You need three things for sane retries:

  1. A Backoff Strategy: Wait exponentially longer between attempts. First wait 100ms, then 200ms, then 400ms, etc. This gives the service time to recover.
  2. A Retry Limit: Never retry forever. Know when to give up.
  3. Idempotency: Only retry operations that are safe to retry. A GET request is idempotent. A POST request that charges a credit card is very much not. The service should ideally be designed with idempotency keys for non-idempotent operations, but that’s a topic for another day.

Let’s combine a breaker with a retry using sony/gobreaker and a simple backoff loop.

func GetUserWithRetryAndCircuitBreaker(userID string) ([]byte, error) {
	var err error
	var body []byte

	// Configure your retry logic. Be ruthless.
	maxRetries := 3
	retryDelay := 100 * time.Millisecond

	for i := 0; i < maxRetries; i++ {
		body, err = GetUserViaCircuitBreaker(userID)
		if err == nil {
			return body, nil // Success!
		}

		// Is the error from the breaker being open?
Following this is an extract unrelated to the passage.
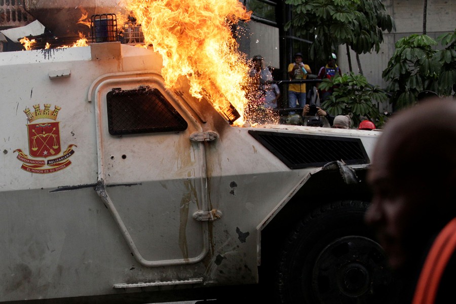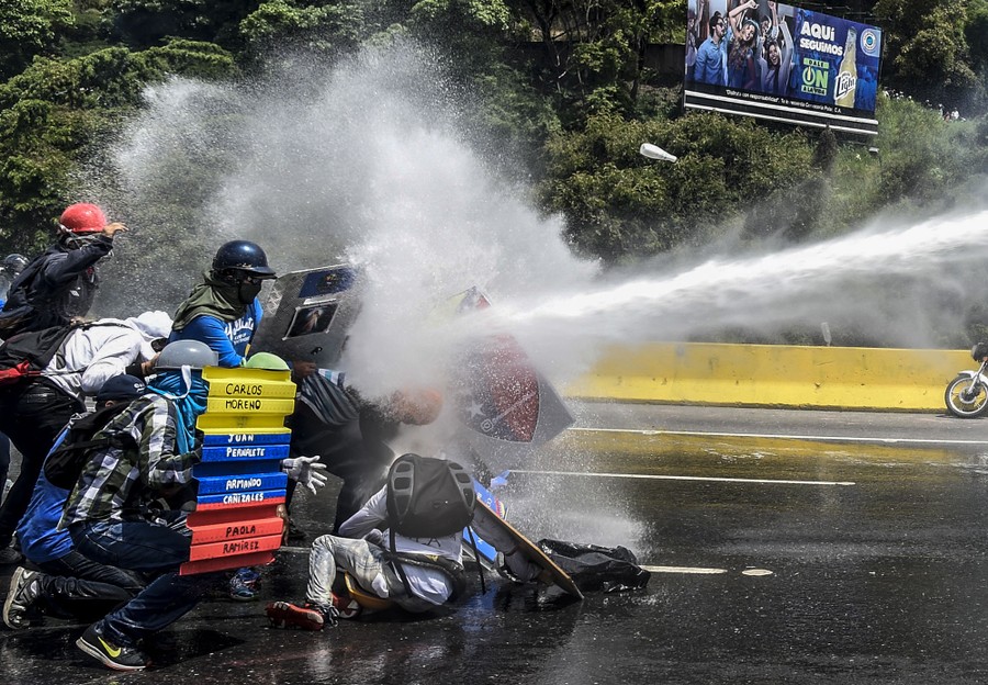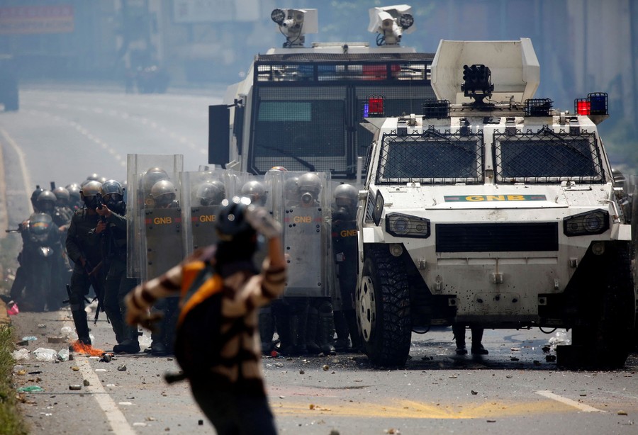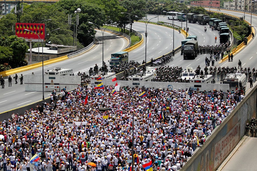 Since April 1, daily anti-government protests across Venezuela have frequently devolved into clashes with riot police, leaving thousands arrested, hundreds injured, and 43 dead. Opposition activists are protesting against the government of President Nicolas Maduro, blaming him for a crippling economic crisis that has caused widespread food shortages for years. Venezuelan opposition leaders are demanding immediate presidential elections, accusing Maduro of political repression and trying to cling to power.

Don't retry this, it's pointless.
		if errors.Is(err, gobreaker.ErrOpenState) {
			return nil, fmt.Errorf("circuit breaker is open, not retrying: %w", err)
		}

		// Log the failed attempt, maybe with the retry count
		fmt.Printf("Attempt %d failed: %v. Retrying in %v...\n", i+1, err, retryDelay)

		time.Sleep(retryDelay)
		retryDelay *= 2 // Exponential backoff
	}

	return nil, fmt.Errorf("failed after %d attempts: %w", maxRetries, err)
}

Where This All Goes Sideways

  • Tuning is Everything: The default values in any library are guesses. 5 consecutive failures? Might be perfect, might be terrible. You need to tune these parameters (failure threshold, cooldown period) to your specific service’s latency requirements and failure characteristics. Use metrics to observe the trip rate.
  • The Fallback is a Feature: What you do in the Open state is a design decision. Failing fast is good, but sometimes returning a slightly stale cached response is better for user experience. Plan this deliberately.
  • Don’t Break on 4xx: This is a classic mistake. A 401 Unauthorized or 404 Not Found is a valid response, not a system failure. Your breaker should only trip on things that indicate the service is unhealthy (timeouts, connection refusals, 5xx errors). The sony/gobreaker example above gets this right by explicitly checking the status code.
  • It’s Not a Force Field: A circuit breaker protects one client. If you have 100 instances of a service, each has its own view of the circuit state. This is usually what you want, but it means a service might still receive some traffic from clients whose breakers haven’t tripped yet. For a global kill switch, you need a different mechanism.